J-CB. En assaut, c’est-à-dire dans une pratique technique à la touche et donc sans puissance, nous avons eu plusieurs tireurs qualifiés aux finales nationales. En combat, nous avons obtenu deux titres de champions de France deux années de suite, en élite B en 2025 et en deuxième série en 2024. En 2023, l’un de nos tireurs, Mohammad, a atteint la demi-finale Élite A face à un boxeur qui domine sa catégorie depuis dix ans. Cette année, Astadji, blessé l’an passé, tentera de décrocher le titre en Élite A. Nous comptons également sur Pierre-Adrien, un autre espoir du club engagé en assaut, aux côtés d’Elsa et de Mia.

Le club regroupe une centaine d’adhérents. ©7Jours/Rolland
Le club repose encore très largement sur le bénévolat. Comment êtes-vous organisés ?

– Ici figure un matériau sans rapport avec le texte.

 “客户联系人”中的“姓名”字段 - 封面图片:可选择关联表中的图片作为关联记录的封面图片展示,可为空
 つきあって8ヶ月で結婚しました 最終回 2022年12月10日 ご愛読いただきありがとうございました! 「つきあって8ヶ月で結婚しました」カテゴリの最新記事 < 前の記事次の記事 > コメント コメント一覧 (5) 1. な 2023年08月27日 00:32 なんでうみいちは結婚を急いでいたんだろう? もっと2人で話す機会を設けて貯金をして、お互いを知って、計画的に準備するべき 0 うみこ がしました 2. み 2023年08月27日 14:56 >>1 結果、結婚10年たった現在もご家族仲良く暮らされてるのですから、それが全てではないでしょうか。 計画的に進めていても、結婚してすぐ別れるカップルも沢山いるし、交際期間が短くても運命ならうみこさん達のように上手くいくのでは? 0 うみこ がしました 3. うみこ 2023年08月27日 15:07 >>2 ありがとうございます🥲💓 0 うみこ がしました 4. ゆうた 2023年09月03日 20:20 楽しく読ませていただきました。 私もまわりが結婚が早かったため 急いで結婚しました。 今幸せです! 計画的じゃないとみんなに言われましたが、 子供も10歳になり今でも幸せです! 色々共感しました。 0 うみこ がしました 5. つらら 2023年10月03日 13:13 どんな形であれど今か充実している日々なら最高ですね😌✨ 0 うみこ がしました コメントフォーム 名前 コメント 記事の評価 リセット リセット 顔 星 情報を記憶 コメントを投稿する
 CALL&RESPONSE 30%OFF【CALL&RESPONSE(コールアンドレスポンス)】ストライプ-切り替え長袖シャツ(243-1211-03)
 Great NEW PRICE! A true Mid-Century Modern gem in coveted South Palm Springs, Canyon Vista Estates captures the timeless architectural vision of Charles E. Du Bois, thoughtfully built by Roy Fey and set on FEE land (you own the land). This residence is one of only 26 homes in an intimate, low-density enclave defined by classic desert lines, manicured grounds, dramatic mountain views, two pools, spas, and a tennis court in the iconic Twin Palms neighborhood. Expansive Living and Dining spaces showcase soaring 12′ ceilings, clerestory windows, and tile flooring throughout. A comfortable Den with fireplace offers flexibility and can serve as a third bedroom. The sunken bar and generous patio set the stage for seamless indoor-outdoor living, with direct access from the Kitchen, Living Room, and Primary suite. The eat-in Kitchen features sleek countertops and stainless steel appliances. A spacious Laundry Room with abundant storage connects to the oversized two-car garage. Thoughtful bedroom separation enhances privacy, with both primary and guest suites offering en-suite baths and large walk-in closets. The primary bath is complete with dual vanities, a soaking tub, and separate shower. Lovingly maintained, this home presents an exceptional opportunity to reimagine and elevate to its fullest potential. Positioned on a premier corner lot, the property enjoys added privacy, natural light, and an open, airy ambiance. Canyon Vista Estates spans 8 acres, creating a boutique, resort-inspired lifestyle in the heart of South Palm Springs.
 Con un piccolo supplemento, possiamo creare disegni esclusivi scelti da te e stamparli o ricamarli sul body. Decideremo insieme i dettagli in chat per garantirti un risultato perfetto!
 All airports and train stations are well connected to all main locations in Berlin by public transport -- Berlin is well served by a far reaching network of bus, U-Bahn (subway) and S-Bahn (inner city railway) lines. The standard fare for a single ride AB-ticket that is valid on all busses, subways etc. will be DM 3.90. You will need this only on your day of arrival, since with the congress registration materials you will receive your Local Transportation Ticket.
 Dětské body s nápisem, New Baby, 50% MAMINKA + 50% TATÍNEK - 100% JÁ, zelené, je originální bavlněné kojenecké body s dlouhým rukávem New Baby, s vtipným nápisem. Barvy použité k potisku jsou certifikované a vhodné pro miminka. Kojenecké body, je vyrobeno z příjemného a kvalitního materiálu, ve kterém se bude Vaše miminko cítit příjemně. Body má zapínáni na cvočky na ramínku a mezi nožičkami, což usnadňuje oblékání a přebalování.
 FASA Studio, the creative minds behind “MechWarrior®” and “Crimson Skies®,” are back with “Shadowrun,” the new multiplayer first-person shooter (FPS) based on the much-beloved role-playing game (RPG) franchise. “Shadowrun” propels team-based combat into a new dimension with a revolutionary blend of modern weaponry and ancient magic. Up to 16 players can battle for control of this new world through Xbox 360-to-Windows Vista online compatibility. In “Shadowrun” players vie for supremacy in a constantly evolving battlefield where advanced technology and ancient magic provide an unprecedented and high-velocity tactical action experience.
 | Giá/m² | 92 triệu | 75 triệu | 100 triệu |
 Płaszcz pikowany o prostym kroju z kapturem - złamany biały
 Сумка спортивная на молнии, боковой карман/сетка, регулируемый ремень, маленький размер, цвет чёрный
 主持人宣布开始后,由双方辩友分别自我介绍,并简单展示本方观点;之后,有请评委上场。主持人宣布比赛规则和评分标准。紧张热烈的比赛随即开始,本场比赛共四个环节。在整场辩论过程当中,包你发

AS. Jusqu’à récemment, le fonctionnement reposait entièrement sur des bénévoles. Certains coachs sont engagés depuis plus de 20 ans. Aujourd’hui, une dizaine de personnes assurent la vie du club : le bureau (coprésidence, trésorier, secrétaire) et les membres du conseil d’administration. Chacun s’investit dans des domaines distincts : vie associative, communication, commission sportive… Et chaque année, une ou deux nouvelles personnes viennent renforcer l’équipe.
Ce qui fait notre force, c’est la richesse des compétences.
J-CB. Ce qui fait notre force, c’est la richesse des compétences. Par exemple, un membre s’est proposé récemment pour refondre notre site internet, bénévolement. Il ne souhaitait pas s’engager dans les instances du club, mais il avait une compétence précise et a voulu l’offrir. Ce type d’initiative, c’est ce qui fait vivre le SBR.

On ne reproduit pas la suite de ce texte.